This makes it difficult to determine the exact location of where knowledge is stored. Limitations such as storage space and size of the network also affect the accuracy of the model while storing and retrieving this information. This would mean that a model with more knowledge would mean larger networks, which can be either slow or expensive. 

Researchers at Google worked towards creating a method to pre-train a knowledge retriever in an unsupervised manner, that references additional large external text corpus like Wikipedia using masked language modelling as the learning signal. They, then, used a retrieval step by backpropagating to consider millions of documents. 

They called this model Retrieval-Augmented Language Model pre-training (REALM) and demonstrated its effectiveness by publishing a study in the pre-publishing platform arxiv.org. Along with the research paper, the team has also open-sourced the REALM codebase to show how other people interested in the field can train the retriever and the language representation jointly. 

Standard language representation models such as BERT, uses masked language modelling for tasks such as fill-in-the-black tasks. The models learn to go over a large number of examples and repeatedly adjust parameters to try and figure out the words in the blank; which ironically makes the models remember a few world facts. But since the memorisation is in the abstract, it becomes difficult to understand where the information is stored!

REALM uses a knowledge retriever to augment the language representation model. The knowledge retriever first recovers another piece of text from an external document collection as the supporting knowledge and then feeds this supporting content along with the original content into a language representation model. "The key intuition of REALM is that a retrieval system should improve the model's ability to fill in missing words. Therefore, a retrieval that provides more context for filling the missing words should be rewarded.
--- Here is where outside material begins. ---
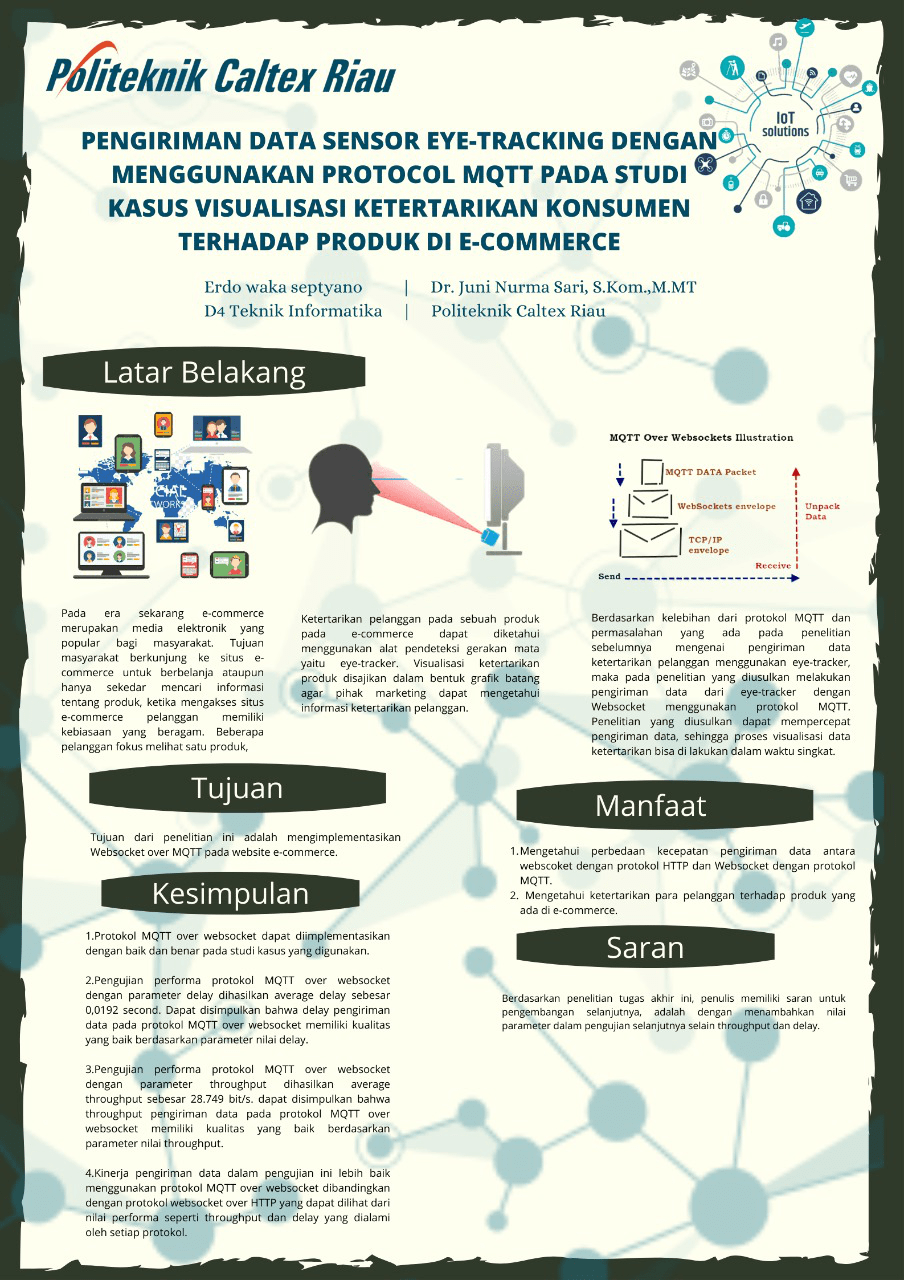 Penelitian yang dilakukan berdasarkan pada penelitian sebelumnya yang berjudul studi kasus visualisasi ketertarikan pelanggan terhadap produk E-commerce dengan metode pengukuran Eye-Tracking. Pada penelitian sebelumnya, sejak dimulai dari pengambilan data yang berupa titik koordinat mata hingga menjadi grafik membutuhkan waktu 1 sampai 2 menit. Waktu yang dibutuhkan tersebut bergantung pada jumlah data yang diperoleh ketika melakukan eksplorasi E-commerce dan banyak data yang dikirimkan. Jika pada penelitian sebelumnya menggunakan protokol Hyper Text Transfer Protocol (HTTP), maka pada penelitian ini menggunakan protokol Message Queuing Telementary Transport (MQTT). Protokol MQTT digunakan untuk mengirimkan data dari sensor Eye-Tracker ke server database. Eye-Tracker adalah sensor yang dapat menangkap gerakan mata terhadap apa yang dilihat pada layar monitor penggunanya. Sensor ini digunakan pada E-commerce yang bertujuan untuk mengetahui ketertarikan pelanggan terhadap sebuah produk. Pada penelitian ini membandingkan kinerja protokol MQTT dengan websocket dan protokol HTTP dengan websocket dalam mengirimkan data koordinat yang diperoleh dari Eye-Tracker dalam E-commerce. Dari pengujian diperoleh throughput 28,749 bit/s dan delay 0,0192 s untuk protokol MQTT dengan websocket. Pengujian protokol HTTP dengan websocket didapatkan throughput dan delay 27,6 bit/s dan 0,0222 s. Hal ini karena protokol MQTT menggunakan bandwith yang lebih rendah daripada HTTP

If the retrieved information does not help the model make its predictions, it should be discouraged, making room for better retrievals," state the creators of REALM, on Google blogs. 

However, the researchers also point out the challenges of scaling a model such as REALM. REALM selected the best document out of millions of documents by using the maximum inner product search (MIPS). "MIPS models need to first encode all of the documents in the collection, such that each document has a corresponding document vector. When input arrives, it is encoded as a query vector," explain the researchers. The model uses ScaNN package for MIPS to make the search for MIP value relatively cheap. However, if the model parameters were updated during training, it is typically necessary to re-encode the document vectors for the entire collection of documents. "To address the computational challenges, we structure the retriever so that the computation performed for each document can be cached and asynchronously updated. We also found that updating document vectors every 500 training steps, instead of every step, is able to achieve good performance and make training tractable," clarify the writers. 

When tested for the effectiveness of REALM in open-domain question answering - once with answers in a given document and once without the document, the results were clear. "One can clearly see that REALM pre-training generates very powerful Open-QA models, and even outperforms the much larger T5 (11B) model by almost 4 points, using only a fraction of the parameters (300M)," state the researchers.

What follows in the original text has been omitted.